_Data items_
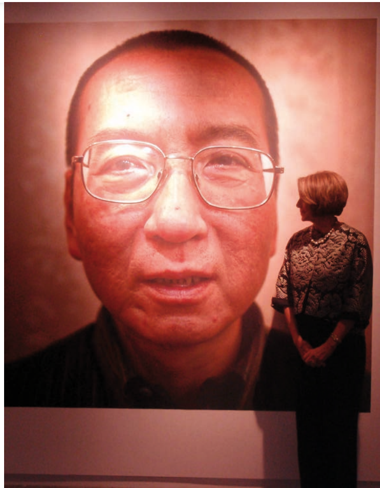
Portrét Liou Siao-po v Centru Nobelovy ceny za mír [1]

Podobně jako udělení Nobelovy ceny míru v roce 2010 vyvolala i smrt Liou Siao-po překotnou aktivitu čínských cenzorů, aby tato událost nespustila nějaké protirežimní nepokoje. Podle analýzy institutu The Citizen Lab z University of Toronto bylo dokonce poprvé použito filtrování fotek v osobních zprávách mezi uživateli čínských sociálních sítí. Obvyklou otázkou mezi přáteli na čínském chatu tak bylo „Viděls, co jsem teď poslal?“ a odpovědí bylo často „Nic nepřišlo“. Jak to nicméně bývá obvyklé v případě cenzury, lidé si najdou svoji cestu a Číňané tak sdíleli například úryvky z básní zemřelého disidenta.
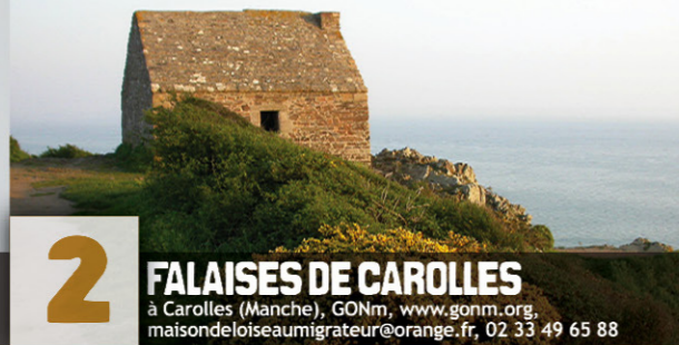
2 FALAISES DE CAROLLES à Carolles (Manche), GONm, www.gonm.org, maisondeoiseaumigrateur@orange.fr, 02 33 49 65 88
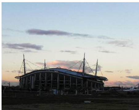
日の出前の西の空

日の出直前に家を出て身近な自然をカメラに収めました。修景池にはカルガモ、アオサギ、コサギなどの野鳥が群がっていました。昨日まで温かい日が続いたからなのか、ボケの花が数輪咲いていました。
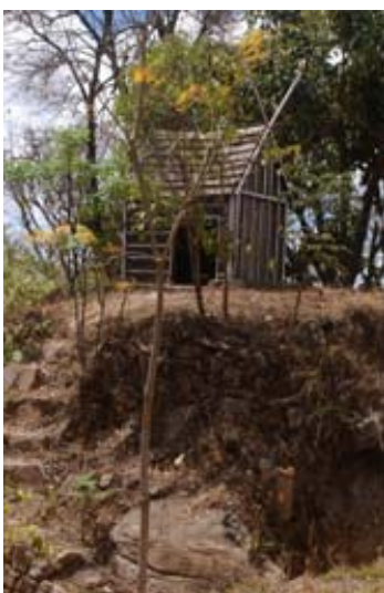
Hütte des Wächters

* * *

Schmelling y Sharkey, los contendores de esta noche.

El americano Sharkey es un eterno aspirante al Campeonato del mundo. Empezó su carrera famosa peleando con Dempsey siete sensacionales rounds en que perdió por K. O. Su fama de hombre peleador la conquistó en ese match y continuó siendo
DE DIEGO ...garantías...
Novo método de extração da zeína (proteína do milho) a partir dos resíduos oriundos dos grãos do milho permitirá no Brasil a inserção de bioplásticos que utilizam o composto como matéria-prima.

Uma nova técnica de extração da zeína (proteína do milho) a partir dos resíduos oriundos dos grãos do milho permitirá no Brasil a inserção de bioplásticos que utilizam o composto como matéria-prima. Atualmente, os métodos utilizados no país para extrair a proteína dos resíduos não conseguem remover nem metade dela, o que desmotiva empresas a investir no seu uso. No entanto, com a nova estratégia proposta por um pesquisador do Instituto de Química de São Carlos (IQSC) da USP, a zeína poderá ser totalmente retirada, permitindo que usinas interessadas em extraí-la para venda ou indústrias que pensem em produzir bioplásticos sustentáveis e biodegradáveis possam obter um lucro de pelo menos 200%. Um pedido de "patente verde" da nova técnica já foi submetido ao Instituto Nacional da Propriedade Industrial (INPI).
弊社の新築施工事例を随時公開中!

_Task to carry out_
Above are some records; quote exactly and only the lines that begin at the line containing "Portrét Liou Siao-po" and stop after the line containing "Hütte des Wächters", leaving out the pictures.

_Response to the exercise_
Portrét Liou Siao-po v Centru Nobelovy ceny za mír [1]

Podobně jako udělení Nobelovy ceny míru v roce 2010 vyvolala i smrt Liou Siao-po překotnou aktivitu čínských cenzorů, aby tato událost nespustila nějaké protirežimní nepokoje. Podle analýzy institutu The Citizen Lab z University of Toronto bylo dokonce poprvé použito filtrování fotek v osobních zprávách mezi uživateli čínských sociálních sítí. Obvyklou otázkou mezi přáteli na čínském chatu tak bylo „Viděls, co jsem teď poslal?“ a odpovědí bylo často „Nic nepřišlo“. Jak to nicméně bývá obvyklé v případě cenzury, lidé si najdou svoji cestu a Číňané tak sdíleli například úryvky z básní zemřelého disidenta.
2 FALAISES DE CAROLLES à Carolles (Manche), GONm, www.gonm.org, maisondeoiseaumigrateur@orange.fr, 02 33 49 65 88
日の出前の西の空

日の出直前に家を出て身近な自然をカメラに収めました。修景池にはカルガモ、アオサギ、コサギなどの野鳥が群がっていました。昨日まで温かい日が続いたからなのか、ボケの花が数輪咲いていました。
Hütte des Wächters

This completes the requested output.